Zeitung Heute : Das Trojanische Pferd: Der fieseste Trick aller Zeiten

Ingo Bach

Auch die alten Griechen hatten ihre Tagesschau. Aber zu ihrer Zeit gab es natürlich noch kein Fernsehen. Deshalb reisten Geschichtenerzähler durch das Land und berichteten das Neueste aus Politik und Kultur.

Einer dieser Geschichtenerzähler hieß Homer. Er berichtete von einem gewaltigen Krieg, in dem die Griechen gegen die mächtige Stadt Troja kämpften. Doch als Homer lebte, war dieser Krieg schon 400 Jahre vorbei. Und weil die Geschichte so alt war und Homer sie so gut erzählte, hielten sie alle für eine Erfindung. Es war ja auch schwer zu glauben, dass sogar Götter bei dem Kampf mitgemacht haben sollen und entweder den Griechen oder Trojanern halfen, je nachdem, wen von beiden sie mehr mochten. Und auch die Geschichte vom Trojanischen Pferd klang geschwindelt.
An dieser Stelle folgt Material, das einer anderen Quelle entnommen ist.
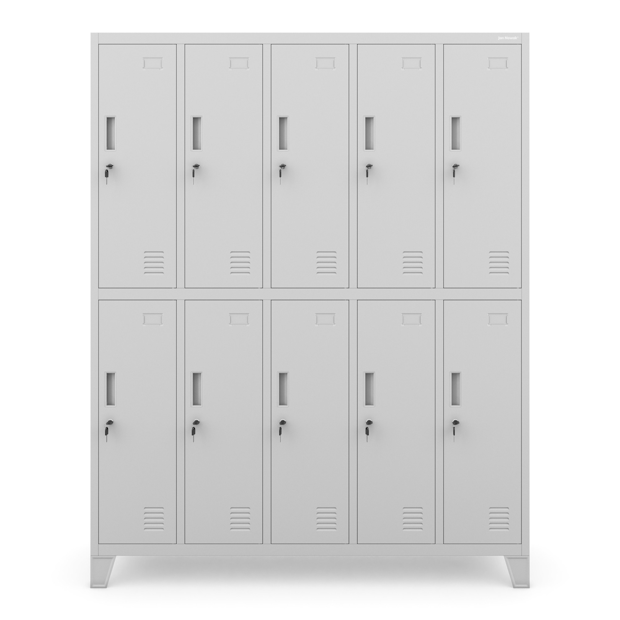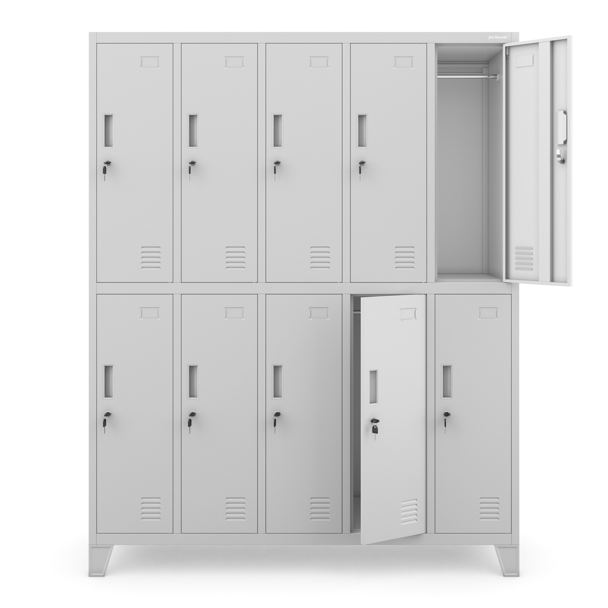 - Prostorné a praktické uspořádání: Skříň BARTEK nabízí 10 samostatných skříňek, které poskytují dostatek prostoru pro uložení oblečení, pracovního oděvu, nářadí, osobních předmětů a dokumentů. Každá skříňka je vybavena tyčí na zavěšení ramínek, což usnadňuje organizaci a udržování pořádku.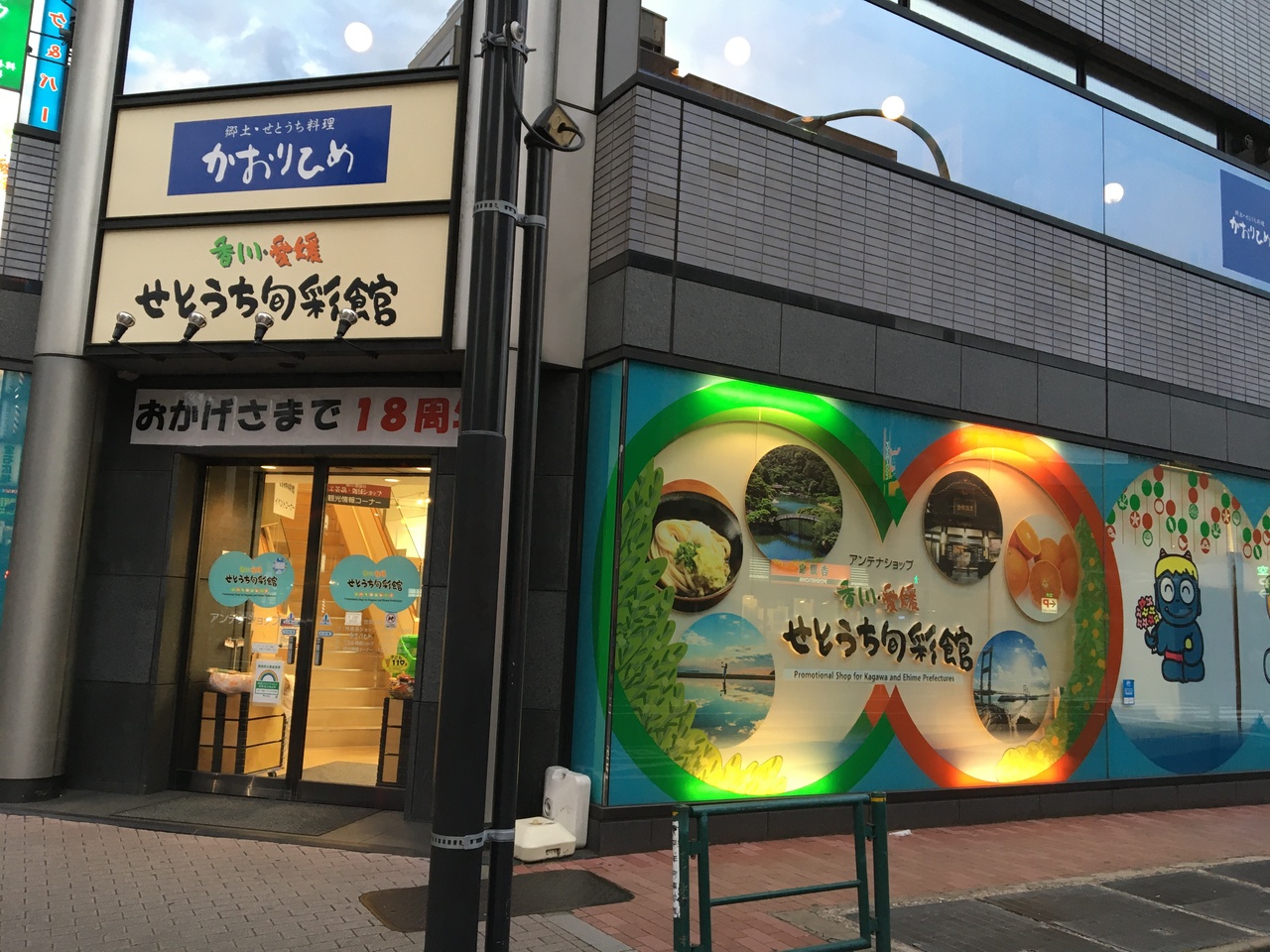 新橋にある愛媛県と香川県のアンテナショップ。一階が特産品のショップ、二階が郷土料理のレストランです。

Aber gerade diese Geschichte erzählte Homer besonders gern: Es war ein ganz fieser Trick, mit dem die Griechen den Krieg nach zehn Jahren gewannen. Die griechischen Soldaten packten scheinbar ihre Sachen ein und zogen fort. Aber in Wahrheit marschierten sie nur um den nächsten Berg, um sich dort zu verstecken. Vor den trojanischen Stadtmauern ließen sie ein riesengroßes Holzpferd zurück. Und darin versteckten sich ein paar von ihnen. Das wussten die Trojaner aber nicht. Die waren froh, dass der Krieg nun endlich vorbei war. Und aus Freude über den Sieg holten sie das Pferd in die Stadt, als Siegestrophäe. Doch nachts, als die Trojaner schliefen, krochen die Griechen aus dem Bauch des Pferdes und öffneten für ihre Kameraden heimlich die Stadttore. Kurz darauf war Troja besiegt.

Doch Homers Zuhörer lachten nur. "Das kann doch gar nicht wahr sein", sagten sie. Fast 3000 Jahre lang dachten die Menschen, Homer habe sich die Geschichte vom Trojanischen Krieg nur ausgedacht. Doch vor wenigen Jahren fanden Wissenschaftler Beweise. Wissenschaftler, die in der Erde nach Spuren unserer Geschichte suchen, nennt man Archäologen. Und die entdeckten in der Türkei Reste der Stadt Troja und auch Spuren des Trojanischen Krieges. Ganz vorsichtig und langsam, manchmal mit Spaten, manchmal nur mit Pinsel und Pinzette, buddelten sie Löcher in einen Hügel. Im Laufe von vielen Tausend Jahren waren die Ruinen von Troja zerfallen und der Wind hatte eine dicke Schicht Sand darüber geweht. In dem unansehnlichen Hügel fanden die Archäologen Mauerstücke, Töpfe, Krüge und sogar goldenen Schmuck. Homer hatte also doch Recht! Nur das Trojanische Pferd blieb verschwunden. Da hat der Dichter wohl doch ein bisschen geflunkert, um seine Geschichte spannender zu machen.

Aber wie hat Homer überhaupt von diesem Krieg wissen können? Er war doch gar nicht dabei. Aber er konnte gut zuhören. Der Dichter erfuhr von dem uralten Krieg, weil diese berühmte Geschichte immer wieder vom Großvater an den Enkel weitererzählt wurde, bis er davon erfuhr und daraus ein ganz langes Gedicht machte. Und bis auf den heutigen Tag hören Kinder und Erwachsene die Geschichte vom Trojanischen Krieg immer wieder gerne.